• 09:00
  • Tuesday ,11 February 2014
العربية

Schizophrenia

By-MARWA SAKER-Cairopost

Opinion

00:02

Tuesday ,11 February 2014

Schizophrenia

I see bitterness and agony. I can see it in people’s eyes during my walks in the streets of Cairo. I can smell the blood everywhere. Every day there is a dead person and they are all young people.

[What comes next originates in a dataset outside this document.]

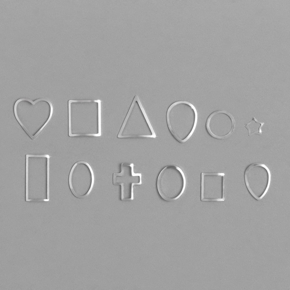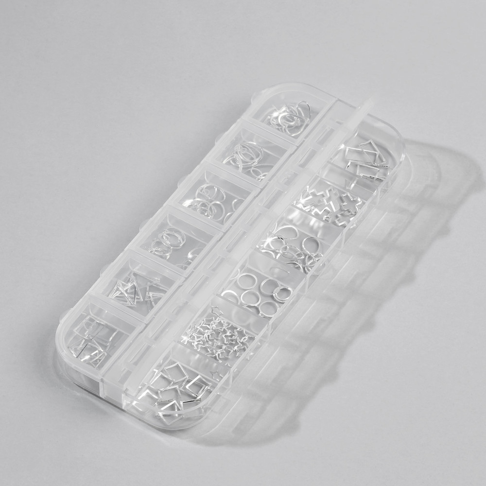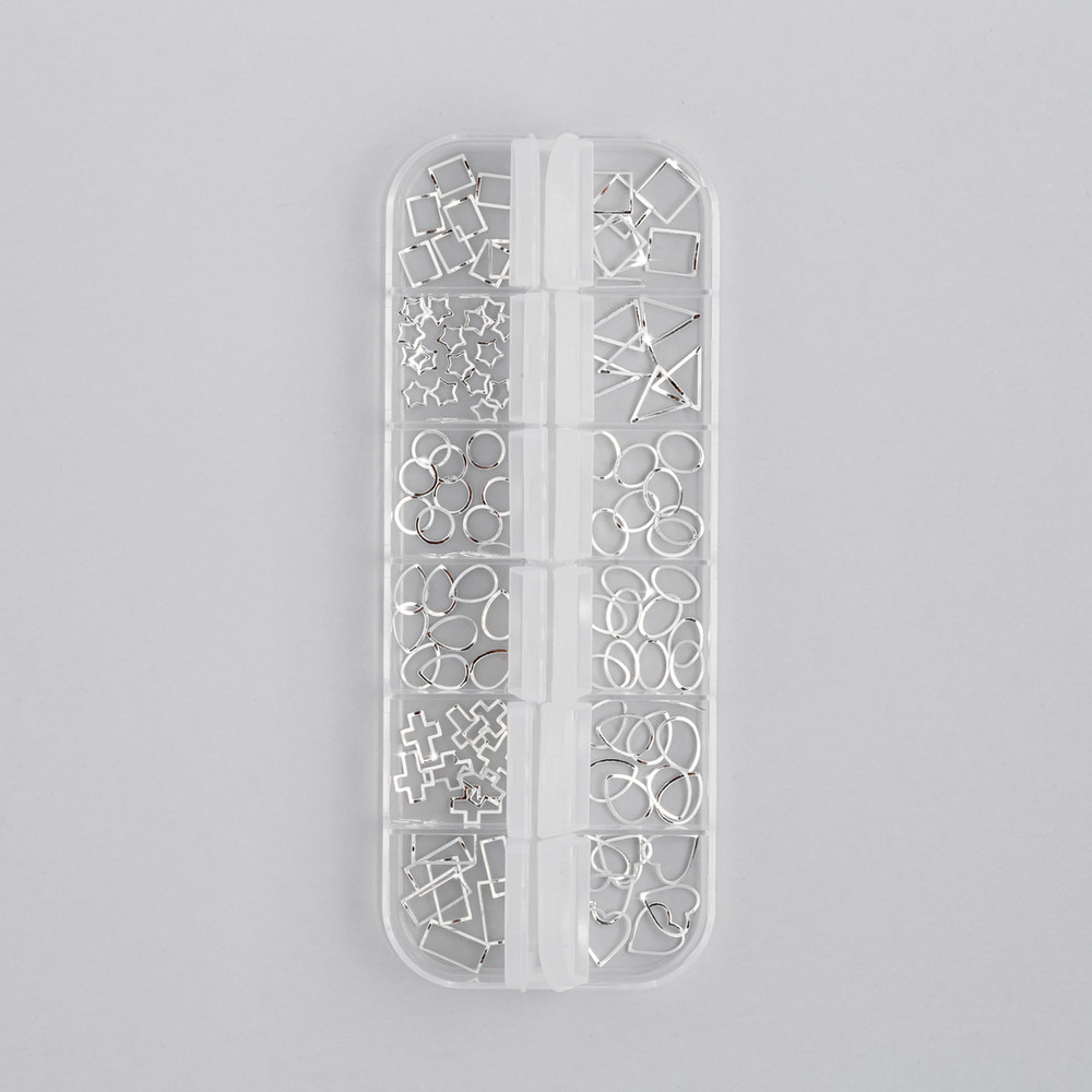 Набор №10 включает прочную, прозрачную пластиковую коробку на 12 отделов, в каждом из которых тематический металлизированный декор серебряного цвета. Все элементы представляют собой тонкие, эластичные и гибкие металлические рамки геометрических форм: овалы, круги, квадраты, прямоугольники, сердца и крестики – далеко не полный перечень всего того, что вы найдете в наборе. Такие элементы станут прекрасной альтернативой литью, создавая особую глубину и объем композиции. С креплением подобного декора легко справится даже новичок, который следует рекомендациям от технологов.

I can see Egypt as an old woman and every single day she becomes a hundred years older than the day before. Even her citizens are losing their sense of humor.
 
We read to learn and to grow, to laugh, to be motivated, and to understand things we’ve never been exposed to. We also write for strength to help us when we feel broken, discouraged or afraid.
 
We write to find hope. We write because we’re not just made up of skin and bones, and a deep need for chocolate, but we’re also made up of words, words which describe our thoughts and what’s hidden in our souls.
 
What inspired me to write this article is a series of events that occurred consecutively. The last one was on Saturday Jan. 25, 2014 as Egyptian TV broadcast Egyptians who were celebrating the anniversary of the revolution, while on the other hand the reality was completely different. They turned the real picture upside down.
 
With the arrival of the revolution’s 3rd anniversary, police forces arrested a number of peaceful protesters in different regions in the Egyptian capital, as well as in other governorates.
 
The lists of those arrested that was documented by the Front to Defend Egypt’s Protesters, and included journalists who went to cover marches that had been called for by different forces, and lawyers who went to the places of detention of those arrested to
 
provide them with legal support. They were physically attacked and beaten by police personnel, leading to the murder and injury of some protesters with bird pellets and live ammunition that the police forces had fired at some marches.
 
Egyptian TV announced at the next day that some terrorists, all from Muslim Brotherhood, where dead.
 
Someone may criticize me and say that your description is more emotional than logical. My answer will be yes, but I am not a political animal, I am just a human being and a humanitarian one.
 
Who can turn a deaf ear and act a fool by saying “well done” to the ruling government, while I can see humiliation and youth being killed?
 
In my opinion they treat their pets even more humanely than human beings. Yes, I live in a country where people’s souls are the cheapest thing in it; worth less than the cheapest paper.
 
What do you expect from people who have no rights at all in their homeland? Do you expect them to be happy and talk about a shining future? Of course not, and if they did definitely it would be schizophrenia.